**Your goal**
Beginning with the line containing "신한금융투자의 동종목에 대한" and ending at the last line of the data, set down every line exactly, leaving out all pictures.

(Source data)
####

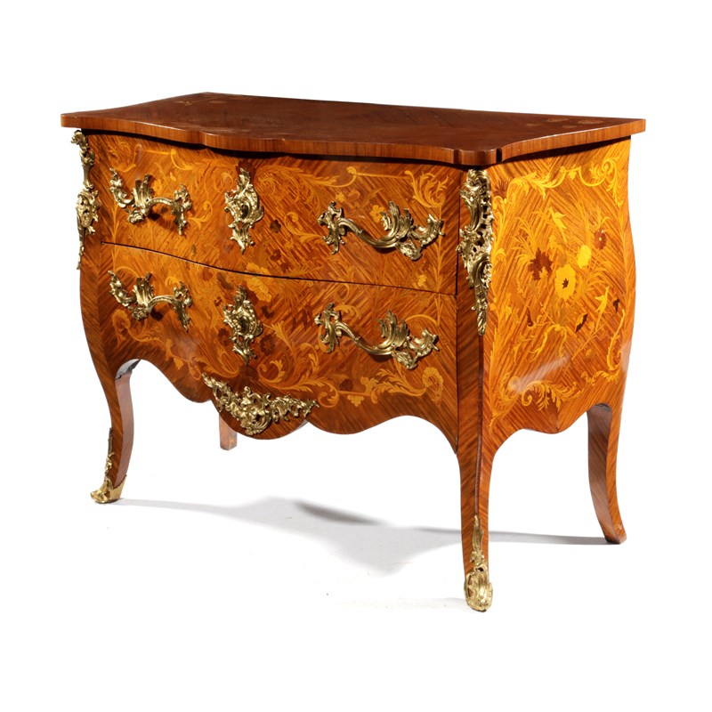 A FRENCH KINGWOOD AND MARQUTRY BOMBE COMMODE IN LOUIS XV STYLE
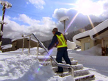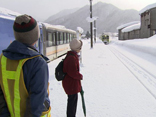 冬の時期、比立内駅での大穂さんの大切な仕事がホームの雪かき。乗り降りするお客さんが安全に歩けるようにと黙々とこなします。雪が多い今年は、一日作業に追われることも多いそうです。そんな作業の合間に一瞬、太陽が顔を出すと比立内駅はキラキラとした銀世界に・・・この太陽は何にも変えがたいご褒美だそうです。
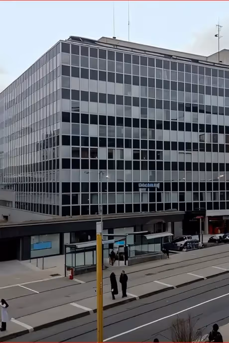 Visible de loin, cet hexagone irrégulier, sur un socle allongé, marque le site d’exposition, sans le dominer, et donne à distance une représentation urbaine moderne de Berne. Ce bâtiment de 55 mètres de haut et de 13 étages doté d’une double façade vitrée est le premier construit dans la capitale depuis près de 50 ans. Transparence, réflexion et structure vivante définissent les façades de PostFinance. Le maître d’ouvrage souhaitait un cadre sobre et simple, mais agréable pour les employés ainsi qu’une grande efficacité énergétique et une construction durable.
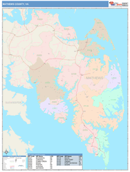 The ColorCAST style Wall Map is a multi-colored display that shades each geographic area with its own background color. It is an ideal choice for applications that benefit from quickly and easily distinguishing one County or Zip Code from the others. The ColorCAST Style Wall Map features streets and highways with maximum streets based upon map size, as well as distinct geographic color shading.
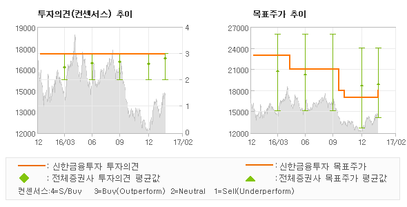 신한금융투자의 동종목에 대한 최근 1년동안의 투자의견은 전체적으로 큰 변화없이 유지되고 있다. 목표주가는 2016년2월 23,000원까지 높아졌다가 2016년11월 17,000원을 최저점으로 목표가가 제시된 이후 최근에 18,000원으로 새롭게 조정되고 있다.
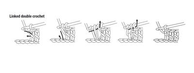 - Each Remaining ldc: Insert hook in horizontal bar on last ldc, yo and pull through loop, (2 loops on hook), insert hook in next st in row below, yo and pull through st (3 loops on hook), yo and pull through 2 loops (2 loops on hook), yo and pull through last 2 loops on hook.
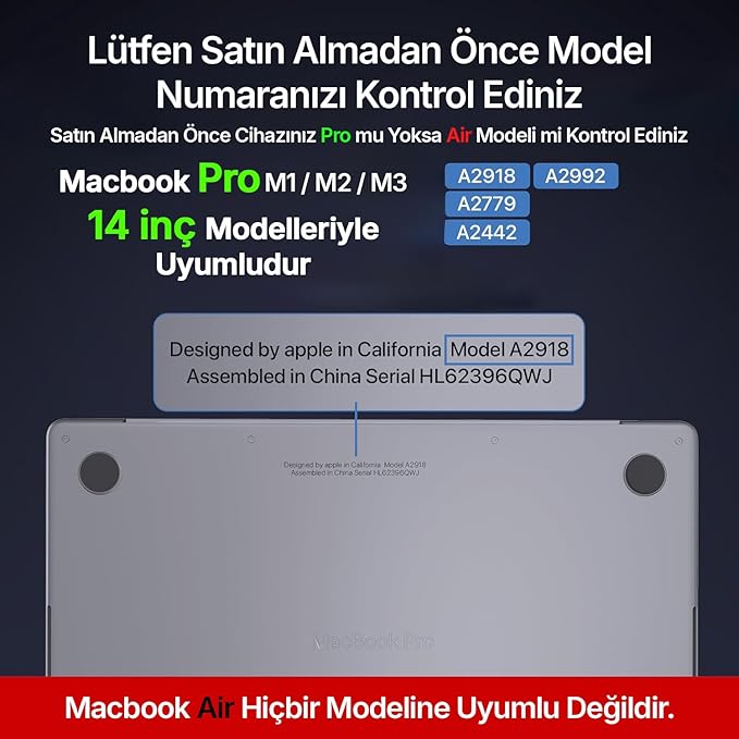 2024-2023-2022-2021 Yıllarında çıkan Macbook Pro 14 inç M1/M1 PRO/MAX/M2/M3/M4 Çipli (A2992) (A2918) (A2779) (A2442) (A3112/A3185/A3401) Model Numaralarına Uyumludur.
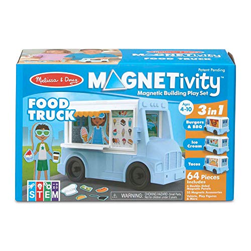 - 64-piece Magnetivity Magnetic Building Playset Food Truck lets kids design, build, and play with their own BBQ, ice cream, and taco truck vehicle again and again
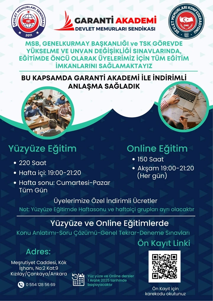 Devlet Memurları Sendikası olarak, MSB-TSK GYUD sınavına hazırlık amacıyla indirimli yüz yüze ve online eğitim hizmetimizin yanında yeni müfredata uygun güncel dijital kitap ve 1500 sorudan oluşan soru bankası dağıtımı yapılacak, kitap ve soru bankasına aynı zamanda www.dmsenegitim.net adresimizden de ulaşılabilecektir.

####

**Written response**
 신한금융투자의 동종목에 대한 최근 1년동안의 투자의견은 전체적으로 큰 변화없이 유지되고 있다. 목표주가는 2016년2월 23,000원까지 높아졌다가 2016년11월 17,000원을 최저점으로 목표가가 제시된 이후 최근에 18,000원으로 새롭게 조정되고 있다.
 - Each Remaining ldc: Insert hook in horizontal bar on last ldc, yo and pull through loop, (2 loops on hook), insert hook in next st in row below, yo and pull through st (3 loops on hook), yo and pull through 2 loops (2 loops on hook), yo and pull through last 2 loops on hook.
 2024-2023-2022-2021 Yıllarında çıkan Macbook Pro 14 inç M1/M1 PRO/MAX/M2/M3/M4 Çipli (A2992) (A2918) (A2779) (A2442) (A3112/A3185/A3401) Model Numaralarına Uyumludur.
 - 64-piece Magnetivity Magnetic Building Playset Food Truck lets kids design, build, and play with their own BBQ, ice cream, and taco truck vehicle again and again
 Devlet Memurları Sendikası olarak, MSB-TSK GYUD sınavına hazırlık amacıyla indirimli yüz yüze ve online eğitim hizmetimizin yanında yeni müfredata uygun güncel dijital kitap ve 1500 sorudan oluşan soru bankası dağıtımı yapılacak, kitap ve soru bankasına aynı zamanda www.dmsenegitim.net adresimizden de ulaşılabilecektir.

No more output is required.